A saliency based motion detection model of visual system considering visual adaptation properties

Abstract

The purpose of this study is to construct a mathematical model which predicts saliency regions in high-speed egocentric-motion movies, filmed by an embedded camera in a driving vehicle, by reproducing the characteristics of the area MT and MST neurons' receptive fields with consideration of visual adaptation properties. The area MT neurons integrate from the area V1 activation and respond well to regions where higher motion contrasts exist. While the area MST neurons detect global motions such as expansion, contraction, rotation, and so on. We modeled the area MT neurons' receptive fields as a center-surround spatial summation of counter sided motion vectors of visual scenery.

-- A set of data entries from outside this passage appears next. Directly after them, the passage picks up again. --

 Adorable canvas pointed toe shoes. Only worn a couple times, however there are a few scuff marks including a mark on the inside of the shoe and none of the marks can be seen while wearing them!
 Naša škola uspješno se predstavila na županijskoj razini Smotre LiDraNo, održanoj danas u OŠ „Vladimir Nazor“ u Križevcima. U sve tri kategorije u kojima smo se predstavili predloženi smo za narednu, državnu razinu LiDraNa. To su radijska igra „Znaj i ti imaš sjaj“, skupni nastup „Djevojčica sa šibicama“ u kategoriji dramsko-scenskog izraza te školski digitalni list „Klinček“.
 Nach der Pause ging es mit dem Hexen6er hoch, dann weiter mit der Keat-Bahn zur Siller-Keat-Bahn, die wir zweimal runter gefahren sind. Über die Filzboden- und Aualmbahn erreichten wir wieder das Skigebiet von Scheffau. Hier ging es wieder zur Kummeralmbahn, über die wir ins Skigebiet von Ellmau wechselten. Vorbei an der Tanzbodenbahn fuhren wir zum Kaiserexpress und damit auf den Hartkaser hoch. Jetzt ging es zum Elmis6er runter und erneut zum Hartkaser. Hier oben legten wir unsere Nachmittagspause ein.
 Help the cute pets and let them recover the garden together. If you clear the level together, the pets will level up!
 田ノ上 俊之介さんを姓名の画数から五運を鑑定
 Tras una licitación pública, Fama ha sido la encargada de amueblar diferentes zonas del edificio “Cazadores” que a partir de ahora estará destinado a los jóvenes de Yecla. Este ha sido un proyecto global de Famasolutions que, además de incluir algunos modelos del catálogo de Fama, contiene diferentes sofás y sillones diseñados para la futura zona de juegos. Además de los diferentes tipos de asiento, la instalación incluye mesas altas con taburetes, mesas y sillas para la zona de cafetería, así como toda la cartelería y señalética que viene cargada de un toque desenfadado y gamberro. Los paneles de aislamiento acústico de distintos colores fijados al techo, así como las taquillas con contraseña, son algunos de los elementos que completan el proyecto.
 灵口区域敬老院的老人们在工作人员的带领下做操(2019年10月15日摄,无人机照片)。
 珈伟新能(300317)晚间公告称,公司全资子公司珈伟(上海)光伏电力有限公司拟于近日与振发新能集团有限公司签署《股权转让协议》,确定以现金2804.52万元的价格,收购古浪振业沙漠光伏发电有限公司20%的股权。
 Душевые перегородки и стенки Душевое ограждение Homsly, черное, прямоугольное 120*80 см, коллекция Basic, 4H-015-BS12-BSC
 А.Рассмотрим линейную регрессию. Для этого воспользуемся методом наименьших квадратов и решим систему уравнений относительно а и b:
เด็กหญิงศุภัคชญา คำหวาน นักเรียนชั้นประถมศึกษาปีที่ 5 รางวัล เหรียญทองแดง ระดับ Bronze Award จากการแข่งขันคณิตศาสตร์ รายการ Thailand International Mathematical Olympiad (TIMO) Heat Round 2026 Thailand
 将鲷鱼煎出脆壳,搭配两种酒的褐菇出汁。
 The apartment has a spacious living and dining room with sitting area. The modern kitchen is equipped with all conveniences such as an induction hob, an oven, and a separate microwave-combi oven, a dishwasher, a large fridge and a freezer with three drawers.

The area MST neurons in our model integrate the responses of the MT neurons by convolving with spacial weight functions of which central portions are biased to preferred direction. Visual adaptations were taken as the primary delay filters for each visual feature channel to deplete the saliency of stationary objects and regions during particular frames. The simulation results for the movies which were taken in a running vehicle indicate that the proposed model detects more salient objects around the vanishing point than the conventional saliency based model. To evaluate the performance of proposed model, we defined the moving-NSS (normalized scan-path salience) scores as the averaged NSS scores in each moving time window. The moving-NSS scores for motion images of our model were higher than those of the conventional model.